TearDrop Golf, the struggling owners of Ram and Tommy Armour, have agreed a new credit facility worth up to $30 million (£18.75 million) from Textron.
The cash injection, to consist of $8 million (£5 million) term loans, is subject to a due-diligence process which will Textron’s senior credit committee will complete by the end of this month.
Rudy Slucker, TearDrop’s president and ceo, said: “Since Textron own E-Z-GO carts and finance many golf real-estate venues, they certainly understand this industry and the future potential of our company.”
TearDrop Golf’s second-quarter sales up to June 30, 1999, were £14 million compared to £12.25 million for the same period last year. But second-quarter profits were down to less than £350,000 from last year’s figure of more than £800,000.
The decrease in profitability has been attributed to an increase in expenses for the quarter of £1 million, but TearDrop has not said what the extra money was spent on.

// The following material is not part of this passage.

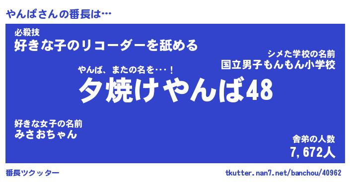 | 意味不明あだ名 | 『ペロリンやんば』『やんばフォーエバー』 |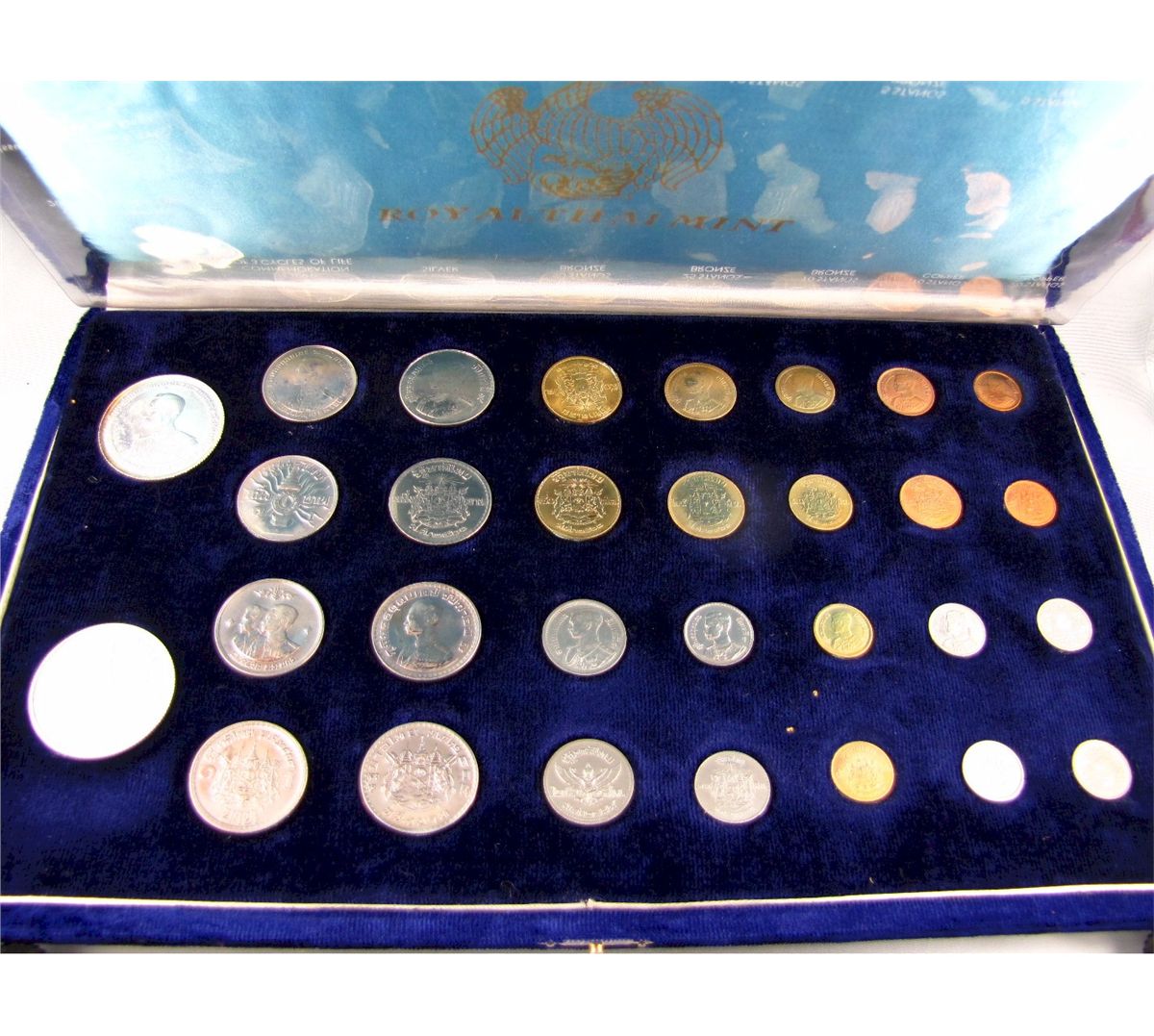 Thailand Royal Mint Lot; Includes 1963 Coin set in Blue velvet case, 30 different coins including 20 Baht Commerative Silver coin. Issued on December 1963 to celebrate the King's 36th birthday. Also includes 3 coin set(3) issue for the same purpose. Includes 2,411 oz silv.

“The year 2000 has the potential to be our breakout year. Our new Tommy Armour Evo Irons that are just being introduced on the PGA Tour are generating a great deal of excitement,” said Slucker. A new line of Ram Accubar irons and woods, and several new lines of milled putters are also in the pipeline.
TearDrop have also requested a meeting with the Nasdaq listing qualifications panel to request an extension for fulfilling their capitalisation and net-income compliance conditions.
Slucker, who expects the company to be given a hearing in October, said: “I feel comfortable that they will give us time to work on our turnaround.”
His greatest problem, though, will be to explain how he envisaged taking three companies (TearDrop, Ram and Armour) which were each losing money and making them profitable overnight. Sales initially looked good due to product dumping, but funds are low and the share price is now in danger of collapsing.